These special sessions highlight the work of female mathematicians working in the field of epidemiology who are also in the AWM Women in Mathematical Biology (WIMB) research network. The global pandemic has put a spotlight on epidemiological research and the value of mathematical models to predict the time course of the disease dynamics in the presence of vaccines, treatments, and behavior adaptation such as social distancing. These special sessions feature female researchers in epidemiology working on a wide variety of diseases such as HIV, COVID-19, MERS, Ebola, and Malaria. The types of models considered span ODE models, PDE models, and stochastic models. population models, agent-based models as well as within host models and between host models. These special sessions provide a broad sampling of current work in mathematical epidemiology and demonstrates the growth of the Women in Mathematical Biology network.

Zhilan Feng

(Purdue University, United States)
"Applications of mathematical models in epidemiology"
Mathematical modeling of infectious diseases has affected disease control policy throughout the developed world. Policy goals vary with disease and setting, but preventing outbreaks is common. In this talk, I will present several examples to demonstrate how various models can be used to answer questions related to disease control and prevention for specific diseases in real populations.
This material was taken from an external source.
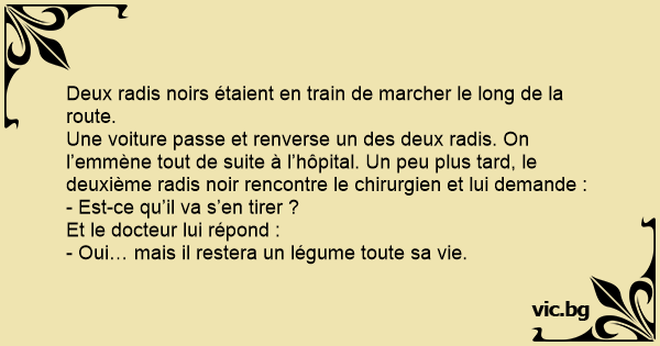 Une voiture passe et renverse un des deux radis. On l’emmène tout de suite à l’hôpital. Un peu plus таrd, le deuxième radis noir rencontre le chirurgien et lui demande :

These models are systems of integral and/or differential equations. The mathematical results are motivated to address specific biological questions.

Marissa Renardy

(Applied BioMath, United States)
"Structural identifiability analysis of PDEs: A case study in continuous age-structured epidemic models"
Identifiability analysis is crucial for interpreting and determining confidence in model parameter values and to provide biologically relevant predictions. Structural identifiability analysis, in which one assumes data to be noiseless and arbitrarily fine-grained, has been extensively studied in the context of ordinary differential equation (ODE) models, but has not yet been widely explored for age-structured partial differential equation (PDE) models. These models present additional difficulties due to increased number of variables and partial derivatives as well as the presence of boundary conditions. In this work, we establish a pipeline for structural identifiability analysis of age-structured PDE models using a differential algebra framework and derive identifiability results for specific age-structured models. We use epidemic models to demonstrate this framework because of their wide-spread use in many different diseases and for the corresponding parallel work previously done for ODEs. In our application of the identifiability analysis pipeline, we focus on a Susceptible-Exposed-Infected model for which we compare identifiability results for a PDE and corresponding ODE system and explore effects of age-dependent parameters on identifiability. We also show how practical identifiability analysis can be applied in this example.

Olivia Prosper

(University of Tennessee Knoxville, United States)
"Within-mosquito parasite heterogeneity and its impact on population-level malaria transmission"
The malaria parasite Plasmodium falciparum requires a vertebrate host and a female Anopheles mosquito to complete a full life cycle, with sexual reproduction occurring in the mosquito. This sexual stage of the parasite life cycle allows for the production of genetically novel parasites. In the meantime, a mosquito’s biology creates bottlenecks in the infecting parasites’ development. In earlier work, we developed a stochastic model of within-mosquito parasite dynamics and the generation of parasite diversity within a mosquito. We demonstrated the importance of heterogeneity in parasite dynamics across a population of mosquitoes on estimates of parasite diversity. Here, we investigate the implications of this heterogeneity on population-level transmission dynamics of malaria.

Miranda Teboh-Ewungkem

(Lehigh University, Lehigh University)
"Using Continuous-time Systems of Non-Linear Ordinary Differential Equations to study Removal of Mosquito-Breeding Site Density Under Community Action and Temperature Effects"
: A system of two first order nonlinear ordinary differential equations is used to model and theoretically investigate the dynamics of the formation of mosquito breeding sites in a uniform environment. The model captures the dynamic interplay between community action, climatic factors, and the availability of mosquito breeding sites. The developed model is analysed using standard methods in nonlinear dynamical systems' theory. Model results show that it is possible to attempt the problem of the dynamics of formation of breeding sites by considering the level of human consciousness as measured through human response to community action. Different feedback response functions are used to excite the breeding site removal and community action. For the case where the response functionals are both constants, we identify an indicator function whose size can indicate whether in the long run, community action can lead to the removal and elimination of breeding sites near human habitats. Using a predictor-corrector procedure that fits real climatic data to a continuous periodic function, we demonstrate how climatic variables can be included in the model and how models for the time variation of temperature and precipitation in a given area can be constructed just by appropriately choosing the parameters of a sinusoidal function and then correcting the output using nonlinear least squares analysis. Numerical simulation results are used to complement our analytical results.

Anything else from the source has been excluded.